Professor Karl Theiler, a collaborator of Professor Töndury, devoted his research efforts to the development of the house mouse, which he divided into 26 prenatal and 2 postnatal stages. He wrote an influential book in which his findings are documented [1].
Professor Adolf Faller, a colleague of Professor Töndury in Zürich, was appointed as head of Anatomy in Fribourg (Switzerland). Faller published on embryology, histology, and ethical problems. He is the author of a popular book on Human Anatomy, now in its twentieth edition.
- Theiler, K., The House Mouse: Atlas of Mouse Development. 1972: Springer-Verlag, N.Y.
Other archival collections of histological sections
Wilhelm His (1831-1904), Professor of Anatomy at the University of Basel and later at the University of Leipzig, introduced one of the first microtomes that could cut an entire embryo into a series of sections. He pioneered the method for reconstructing three-dimensional drawings and models from histological slice and published a “Normentafel”[1, 2], a forerunner for the later Carnegie tables.
The Carnegie collection (https://embryology.med.unsw.edu.au/embryology/index.php/Carnegie_Collection) was used extensively to develop a model to assess the developmental age or “stage” of normal embryonic development (now known as the “Carnegie stages”) [3].
The Kyoto collection (https://human-embryology.org/wiki/Kyoto_Collection) comprises demographic and behavioral data appertaining to women from whom the embryo derives. The project was facilitated by the access of healthy Japanese women to therapeutic abortions according to the Maternity Protection Law. This collection is used to study embryogenesis, and to analyze the etiology of congenital malformations [4].
The Dr. Hill Collection The Embryology webpage developed by Dr. Mark Hill, of the University of South Wales, is a rich source of information appertaining to human embryology (https://embryology.med.unsw.edu.au). It also contains original images that have been prepared from serial sections through embryos and a list of organs. Dr. Hill initiated the Digital Embryology Consortium, which has the aim of scanning archival histological sections through human embryos at various institutions worldwide (https://embryology.med.unsw.edu.au/embryology/index.php/Digital_Embryology_Consortium_-_Information).
The Blechschmidt Collection at the University of Göttingen was used to develop methods for reconstructing the human embryo from serial sections and to generated large models describing the embryonic stages of human development [5, 6].
The HDBR resource The Human Developmental Biology Resource (HDBR), founded in 1999, is a tissue bank in which biological samples are collected and stored with the donor’s written permission to be used for research purposes [7]. The HDBR atlas also contains annotated, high resolution histological sections through human embryos (https://hdbratlas.org/histology.html) and a database of gene expression profiles (https://hdbratlas.org/background.html).

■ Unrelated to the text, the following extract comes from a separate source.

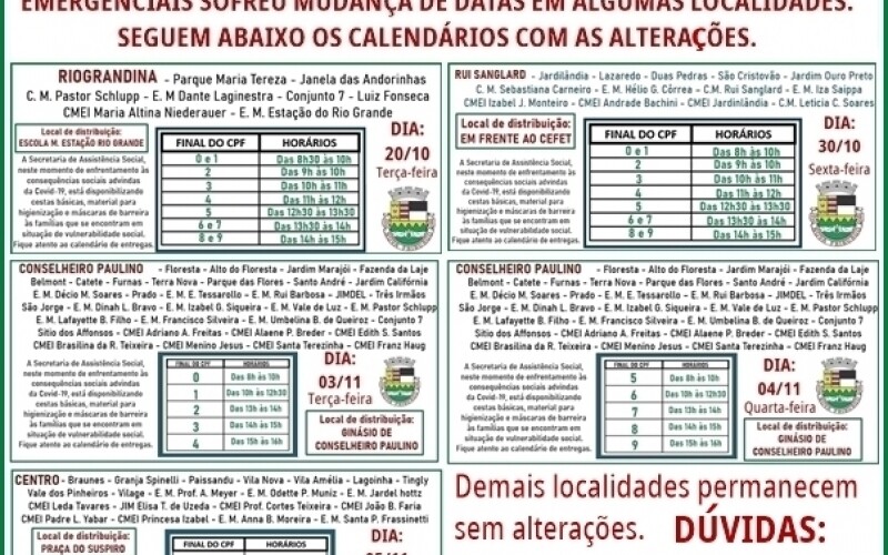 Alteração no cronograma de distribuição de cestas básicas emergenciais

- His, W., Anatomie menschlicher embryonen. Vol. 1. 1882, F.C.W. Vogel, Leipzig.
- Hopwood, N., Producing development: The anatomy of human embryos and the norms of Wilhelm His. Bull Hist Med, 2000. 74(1): p. 29-79.
- O'Rahilly, R. and F. Muller, Developmental stages in human embryos: revised and new measurements. Cells Tissues Organs, 2010. 192(2): p. 73-84.

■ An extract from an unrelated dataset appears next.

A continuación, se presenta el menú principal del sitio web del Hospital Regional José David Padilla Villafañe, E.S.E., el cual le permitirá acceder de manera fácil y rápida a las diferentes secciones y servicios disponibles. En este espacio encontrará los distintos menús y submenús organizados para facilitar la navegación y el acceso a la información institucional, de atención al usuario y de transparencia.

- Yamada, S., Hill, M., Takakuwa, T., Human embryology, in New discoveries in embryology, B. Wu, Editor. 2015, intechopen.com. p. 97-123.

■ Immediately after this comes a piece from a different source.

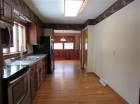 Simply spacious 3 bedroom home is neat & tidy, neutral decor, newer carpets, oak hardwood floors with large living room and separate open dining area off kitchen with door to back deck. Main floor master and updated bath. Forced air furnace with central air. Stainless steel appliances Det garage with extra car port cover. This home is an easy 2 block walk to park and stores. Enjoy where you live. Above Ground SqFt: 1,656 Below Ground SqFt: 866 Main Floor SqFt: 866 Room Name Lvl L W Room Remarks Kitchen Main wood cabinets, room for small table Dining Room Main open to kitchen, door to back deck Living Room Main oak hardwoods, great size Bath Main tub/shower nicely updated Master Bedroom Main good size bedroom Bedroom 2 2nd Floor good sized closet with built ins Bedroom 3 2nd Floor good sized closet with built ins Laundry Room Basement Storage Room Basement Bath Basement stool and laundry sink

- Markert, M., Ethical Aspects of Human Embryo Collections: A Historically Grounded Approach to the Blechschmidt Collection at the University of Gottingen. Cells Tissues Organs, 2020. 209(4-6): p. 189-199.
- Blechschmidt, E., The stages of human development before birth. 1961: S. Karger, London, New York.
- Gerrelli, D., et al., Enabling research with human embryonic and fetal tissue resources. Development, 2015. 142(18): p. 3073-6.